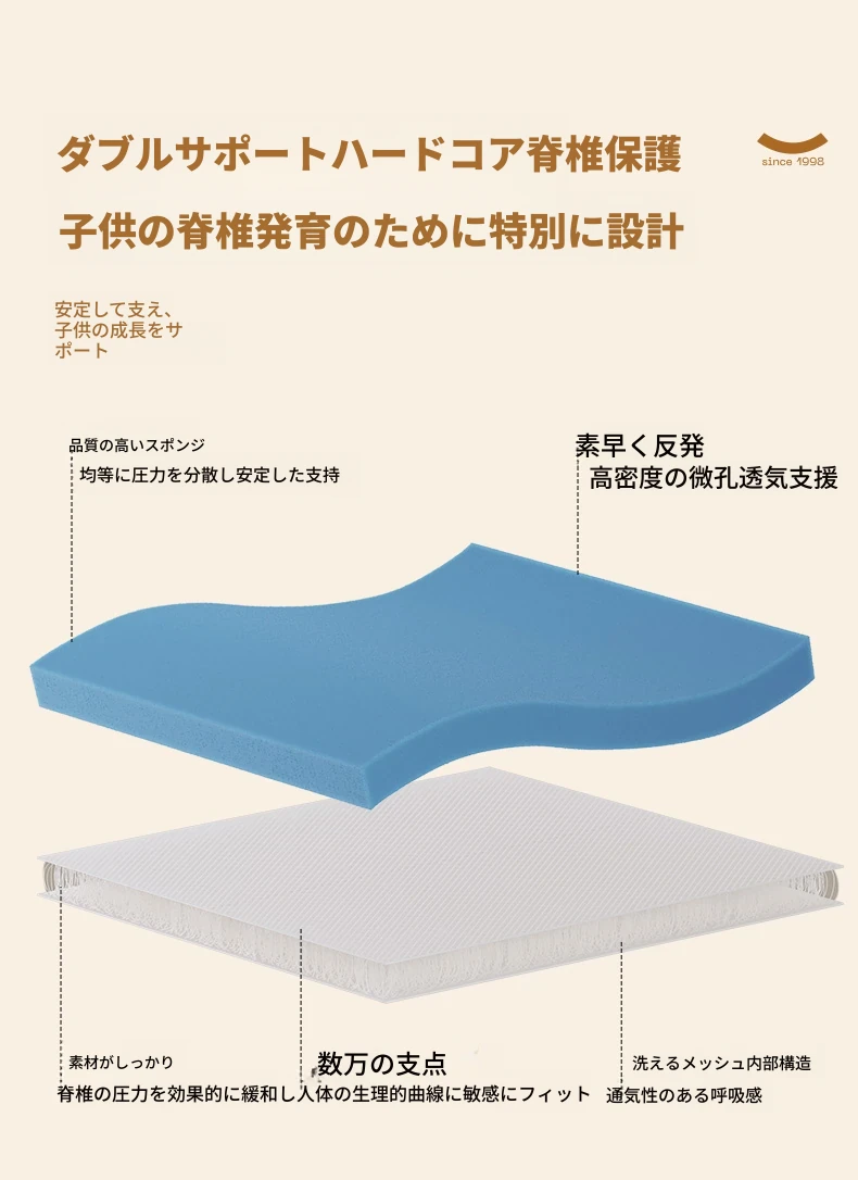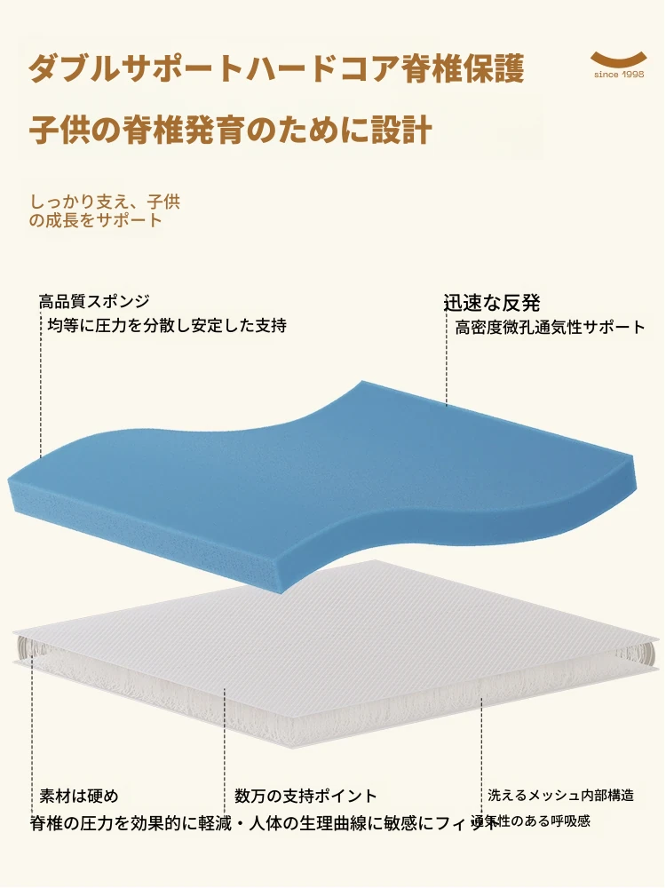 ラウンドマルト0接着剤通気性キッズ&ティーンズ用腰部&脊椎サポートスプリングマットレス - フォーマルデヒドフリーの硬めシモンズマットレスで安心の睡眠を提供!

○ ○ ○ ○

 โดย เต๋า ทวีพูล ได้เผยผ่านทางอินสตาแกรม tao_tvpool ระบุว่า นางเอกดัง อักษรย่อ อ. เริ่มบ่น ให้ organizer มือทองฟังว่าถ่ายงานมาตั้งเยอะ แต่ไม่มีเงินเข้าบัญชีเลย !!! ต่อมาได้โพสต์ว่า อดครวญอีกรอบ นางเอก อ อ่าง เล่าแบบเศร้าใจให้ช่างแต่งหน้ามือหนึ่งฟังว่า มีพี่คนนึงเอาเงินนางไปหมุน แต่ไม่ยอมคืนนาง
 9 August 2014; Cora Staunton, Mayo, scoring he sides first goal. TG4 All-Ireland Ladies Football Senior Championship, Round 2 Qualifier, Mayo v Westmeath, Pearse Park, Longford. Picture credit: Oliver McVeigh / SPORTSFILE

○ ○ ○ ○

▶ [PROBLEM TO SOLVE]
Above are the entries. Copy exactly the part that opens with the line containing "โดย เต๋า ทวีพูล" and closes with the line containing "9 August 2014;", and no more.

▶ [ANSWER TO THIS TASK]
 โดย เต๋า ทวีพูล ได้เผยผ่านทางอินสตาแกรม tao_tvpool ระบุว่า นางเอกดัง อักษรย่อ อ. เริ่มบ่น ให้ organizer มือทองฟังว่าถ่ายงานมาตั้งเยอะ แต่ไม่มีเงินเข้าบัญชีเลย !!! ต่อมาได้โพสต์ว่า อดครวญอีกรอบ นางเอก อ อ่าง เล่าแบบเศร้าใจให้ช่างแต่งหน้ามือหนึ่งฟังว่า มีพี่คนนึงเอาเงินนางไปหมุน แต่ไม่ยอมคืนนาง
 9 August 2014; Cora Staunton, Mayo, scoring he sides first goal. TG4 All-Ireland Ladies Football Senior Championship, Round 2 Qualifier, Mayo v Westmeath, Pearse Park, Longford. Picture credit: Oliver McVeigh / SPORTSFILE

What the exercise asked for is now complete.